# TASK BRIEF
Somewhere below is a line with "Ngày 02/02/2024, Tổ" and, later, a line with "待望の完全新作スペシャルドラ"; repeat those two lines and all the lines between them, exactly as they are.

# SUPPLIED INFORMATION
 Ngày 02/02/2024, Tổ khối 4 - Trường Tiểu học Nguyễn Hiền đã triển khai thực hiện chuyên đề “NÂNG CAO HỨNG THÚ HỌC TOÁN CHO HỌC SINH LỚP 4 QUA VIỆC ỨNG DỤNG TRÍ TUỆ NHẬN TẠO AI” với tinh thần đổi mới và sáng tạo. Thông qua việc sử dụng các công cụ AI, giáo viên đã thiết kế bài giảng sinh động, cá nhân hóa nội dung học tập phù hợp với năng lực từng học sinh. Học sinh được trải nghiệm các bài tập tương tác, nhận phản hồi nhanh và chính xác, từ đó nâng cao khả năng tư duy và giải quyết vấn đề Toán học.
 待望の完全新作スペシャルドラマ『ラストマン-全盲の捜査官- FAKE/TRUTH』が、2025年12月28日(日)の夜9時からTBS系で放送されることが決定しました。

--

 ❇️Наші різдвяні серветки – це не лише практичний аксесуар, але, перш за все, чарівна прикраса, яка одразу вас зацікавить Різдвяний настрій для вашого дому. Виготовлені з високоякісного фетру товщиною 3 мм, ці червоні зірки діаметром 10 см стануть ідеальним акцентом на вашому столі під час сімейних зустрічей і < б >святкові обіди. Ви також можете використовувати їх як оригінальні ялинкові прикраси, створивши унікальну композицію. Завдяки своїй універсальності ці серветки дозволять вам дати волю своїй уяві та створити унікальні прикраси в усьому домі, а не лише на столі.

==

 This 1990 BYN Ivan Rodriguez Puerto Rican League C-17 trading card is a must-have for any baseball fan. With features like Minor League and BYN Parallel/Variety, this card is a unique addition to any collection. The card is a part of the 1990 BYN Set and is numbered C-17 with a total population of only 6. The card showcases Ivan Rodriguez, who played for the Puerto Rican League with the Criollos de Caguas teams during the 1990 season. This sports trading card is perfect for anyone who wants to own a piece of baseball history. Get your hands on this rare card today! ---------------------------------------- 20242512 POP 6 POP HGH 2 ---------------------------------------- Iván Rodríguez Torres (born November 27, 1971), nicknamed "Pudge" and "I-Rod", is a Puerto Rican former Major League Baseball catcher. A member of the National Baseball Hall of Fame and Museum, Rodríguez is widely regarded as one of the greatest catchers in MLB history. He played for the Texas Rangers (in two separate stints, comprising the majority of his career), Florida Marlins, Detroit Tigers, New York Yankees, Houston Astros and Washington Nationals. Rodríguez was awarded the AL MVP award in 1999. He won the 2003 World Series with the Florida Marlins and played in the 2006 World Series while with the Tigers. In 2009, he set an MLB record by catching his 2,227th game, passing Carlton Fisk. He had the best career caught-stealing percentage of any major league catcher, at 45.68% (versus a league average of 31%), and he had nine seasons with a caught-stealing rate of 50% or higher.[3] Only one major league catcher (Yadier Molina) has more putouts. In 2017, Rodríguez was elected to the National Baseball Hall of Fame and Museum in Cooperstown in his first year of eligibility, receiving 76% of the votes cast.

# SOLUTION FOR THIS PROBLEM
 Ngày 02/02/2024, Tổ khối 4 - Trường Tiểu học Nguyễn Hiền đã triển khai thực hiện chuyên đề “NÂNG CAO HỨNG THÚ HỌC TOÁN CHO HỌC SINH LỚP 4 QUA VIỆC ỨNG DỤNG TRÍ TUỆ NHẬN TẠO AI” với tinh thần đổi mới và sáng tạo. Thông qua việc sử dụng các công cụ AI, giáo viên đã thiết kế bài giảng sinh động, cá nhân hóa nội dung học tập phù hợp với năng lực từng học sinh. Học sinh được trải nghiệm các bài tập tương tác, nhận phản hồi nhanh và chính xác, từ đó nâng cao khả năng tư duy và giải quyết vấn đề Toán học.
 待望の完全新作スペシャルドラマ『ラストマン-全盲の捜査官- FAKE/TRUTH』が、2025年12月28日(日)の夜9時からTBS系で放送されることが決定しました。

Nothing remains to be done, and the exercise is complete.